BTW I think the 95.50's for 16 if you can get them there are a better play. As of now there is no OI at that strike.

Finally, note that they do not even have to cut that to necessarily make that much. If the curve inverts and a cutting cycle is priced in: lets say thet skip the next hike, and in 6 months do a cut, it is possible that the futures start pricing in further cuts. Perhaps 1 or two more. I am not holding the play to June 2006, I am probably taking 3/4 of them off the table right then and there. The latter is my dream scenario but I am not really expecting that. If the calls slowly drift up with rate expectations chopping all around, I may attempt to write some higher strike against my calls in an attempt to lock in a no loss position for free with a chance to make 25-50 BPs against that.

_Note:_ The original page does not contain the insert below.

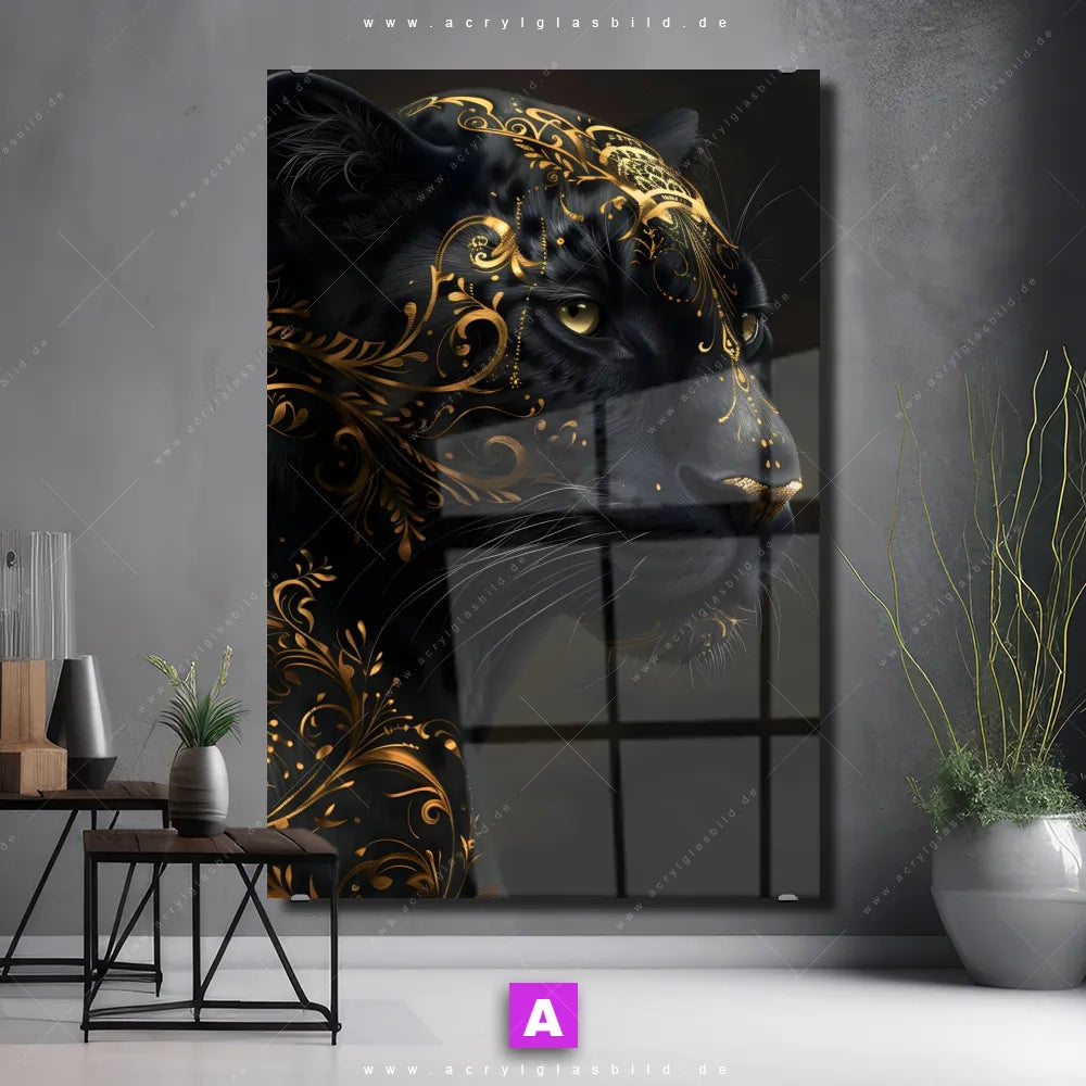 Hallo, auf Wiedersehen langweilige Wände! Gib deinem Raum ein stilvolles Upgrade mit unserem Acrylglasbild Panther mit goldenen Ornamenten im Hochformat, das nicht nur Büro - Kanzlei, Wohnzimmer - Schlafzimmer, Flur - Eingangsbereich, sondern auch jeden anderen Raum im Handumdrehen auf ein neues Niveau hebt!

These calls even at 11 points are not really cheap.
Eurodollar type futures and options are 25 units of the base currency.
25 * 11 would be $275 If we were talking about US$ and Eurodollars, but we are talking British pounds so we need to multiply that by the conversion rate of 1.83 or whatever, so... that is roughly $500 each for these things. Not cheap by any means but I am going to guess that at some point in the future those will be worth $2500 each but even if I am wrong about that and the UK just sits tight for 2 years (no hikes or cuts) one would expect to make $500 each plus or minus the currency fluctuation.

Mish



To: Cogito Ergo Sum who wrote (10692)8/14/2004 11:50:08 AM
From: mishedlo  Respond to of 116555
 
Some people might be interested in these audios.
netcastdaily.com



To: Cogito Ergo Sum who wrote (10692)8/14/2004 11:58:38 AM
From: mishedlo  Respond to of 116555
 
The Gold Report
theaureport.com



To: Cogito Ergo Sum who wrote (10692)8/14/2004 12:46:54 PM
From: mishedlo  Respond to of 116555
 
$450 Billion Pension Fund Shortfall
August 13, 2004
By John Mauldin

$450 Billion Pension Fund Shortfall
Getting an "A" in College
San Diego, Texas and Other Wonderful Climes
The Bottom Looking Up, or the Top Looking Down?
A Hundred Billion here, a Hundred Billion There

frontlinethoughts.com
================================================================
Pensions will be the death of GM
Mish



To: Cogito Ergo Sum who wrote (10692)8/14/2004 8:52:07 PM
From: mishedlo  Respond to of 116555
 
russell
321gold.com

So the game goes on. It will go on until the US sinks under an ocean of liabilities and debts and our foreign "partners" will no longer accept dollars. But no one knows exactly when that time will come. Next month, next year, three years from now? The signal for the fall could be a collapsing dollar. Or maybe we're getting the first hints of the fall now -- with the stock market heading down along with the dollar (the dollar got whacked big time today).

The smart boys like Warren Buffett see the writing on the wall, and they have taken a multi-billion dollar position in foreign currencies. But foreign currencies are still junk paper, they're just better-quality junk than the dollar. In the end, the only time-tested, intrinsic money is gold. But as I said, when you hold gold or gold shares you're going to be right in the end -- but you're also playing "the waiting game." And waiting can be difficult, it can on occasions be scary, and it can certainly try your patience.

This is what the central banking system has done to us. This is what the Federal Reserve is all about. This is the potential disaster that the paper money system has inflicted on all of us. My wise old father used to tell me during the Great Depression, "Dick," he'd say, "the only thing you can depend on in this world is a good education and what's between your ears." I've told my own kids the same thing. It's the God's honest truth.